Qualität, Zuverlässigkeit und Co. Welche Attribute sind für Verbraucher denn wirklich relevant?
Das ist sehr zielgruppenspezifisch. Ein Hörapparat Made in Germany mag mehr Zuverlässigkeit und Qualität vermitteln als einer Made in Afghanistan. Viel hängt auch von den politischen Verbindungen aus früheren Zeiten ab. Die Kolonialwelt hat zum Beispiel häufig eine bestimmte Sprache in ein Land gebracht, das hilft schon viel, um Nähe und Vertrautheit im Bereich der Wirtschaft und der Marken zu schaffen. Frankreich, England oder Spanien sind Beispiele dafür. Nehmen Sie dann noch die über Jahrzehnte aufgebauten logistischen Infrastrukturen, etwa Flugrouten für Touristen, und die häufig weiterhin bestehenden Partnerschaften dazu, dann macht das alles noch viel leichter, auch bei politischen Differenzen.

Welche Zielgruppen fühlen sich angesprochen? Und warum?

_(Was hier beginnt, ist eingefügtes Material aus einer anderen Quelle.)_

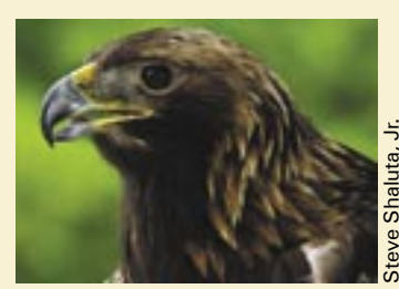
Adult golden eagle showing golden feather tips.

tips of the head and neck, and a slight lightening at the base of the tail. Their cere (the swollen area about the nostrils above the beak) and feet are yellow. Look for legs feathered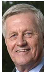
COLLIN C. PETERSON (ranking member) Minnesota

2204 Rayburn House Office Building, Washington, DC 20515 Office: 202-225-2165 | fax: 202-225-1593 collinpeterson.house.gov

Bei Lebensmitteln spielen zu Beginn die Kalorien die wichtigste Rolle zum Überleben, danach dann aber immer mehr auch Gesundheit und spezifischer Genuss, und natürlich Imagefaktoren und Klischees. Es gibt aber große kulturelle Unterschiede. Gewisse Länder haben quasi Monopolstellungen, wie Frankreich im Luxusbereich bei Mode und L‘Art de vivre, siehe Hermès oder LVMH. Danach kommt Italien, weniger mit Konzernen und mehr mit Unternehmen, die noch halbwegs Familienunternehmen sind.

Der Trend zu Regionalem steigt, gleichzeitig ist Deutschland eine der führenden Exportnationen für Lebensmittel. Vereinbar oder Widerspruch?

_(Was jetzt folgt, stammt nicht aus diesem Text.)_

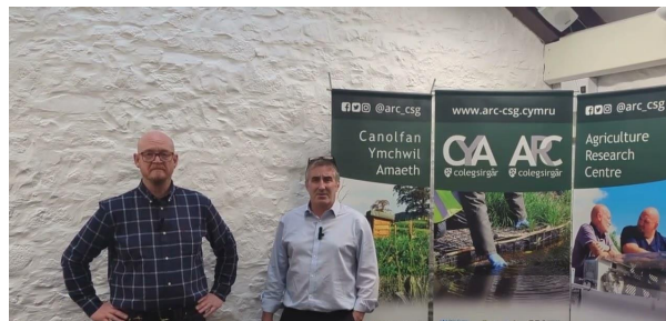
and specifically electricity on farms and rural communities in Wales.

For further details about the WSRID Challenge Fund and the successful projects, visit https://www.growingmid.wales/WSRID .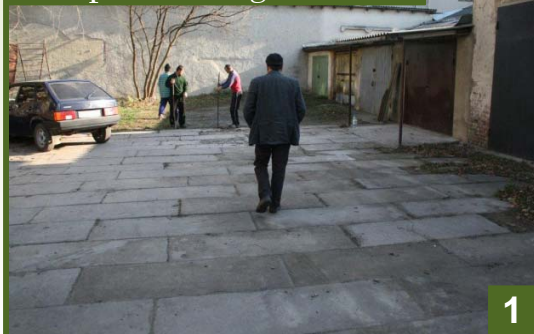
Road paved with gravestones

1942 – Kolomaya'r Jewish cemetery developed into a park. Gravestones utilized by Gestapo to pave a street. 2006-2009 – HFPJC invests tireless intervention to enclose the sacred site. Beautiful and durable enclosure constructed.

Die Exportstärke hat natürlich auch mit den Folgen der mächtigen Discounter zu tun, die die Industrie permanent zu Kostenoptimierungen zwangen. In Deutschland sind die Lebensmittelpreise im internationalen Vergleich sehr tief und haben
noch viel Potenzial für die Zukunft, ihr Image und auch Qualität zu verbessern. Regionalität entspricht einem sehr wichtigen romantischen Bedürfnis der Menschen, viel mehr noch als Bio, auch wenn es ökologisch und energetisch nicht immer zu bevorzugen wäre gegenüber importierter Frische.

Die Zahl mittelständischer Traditionshäuser mit regionaler Verwurzelung ist groß. Worin sehen Sie ihre Stärken?
Ich bin vom Wert der Langfristigkeit und Verwurzelung überzeugt. In der heute oft künstlich herbeibemühten Hektik mit Mini-Innovatiönchen brauchen wir Kontinuität durch flexible Anpassungen. Die Stärke liegt auch zum Beispiel gerade bei den ökologischen Themen darin, dass man etwas für Kunden und Mitarbeiter sicht- und spürbar macht, über das die Region positiv spricht.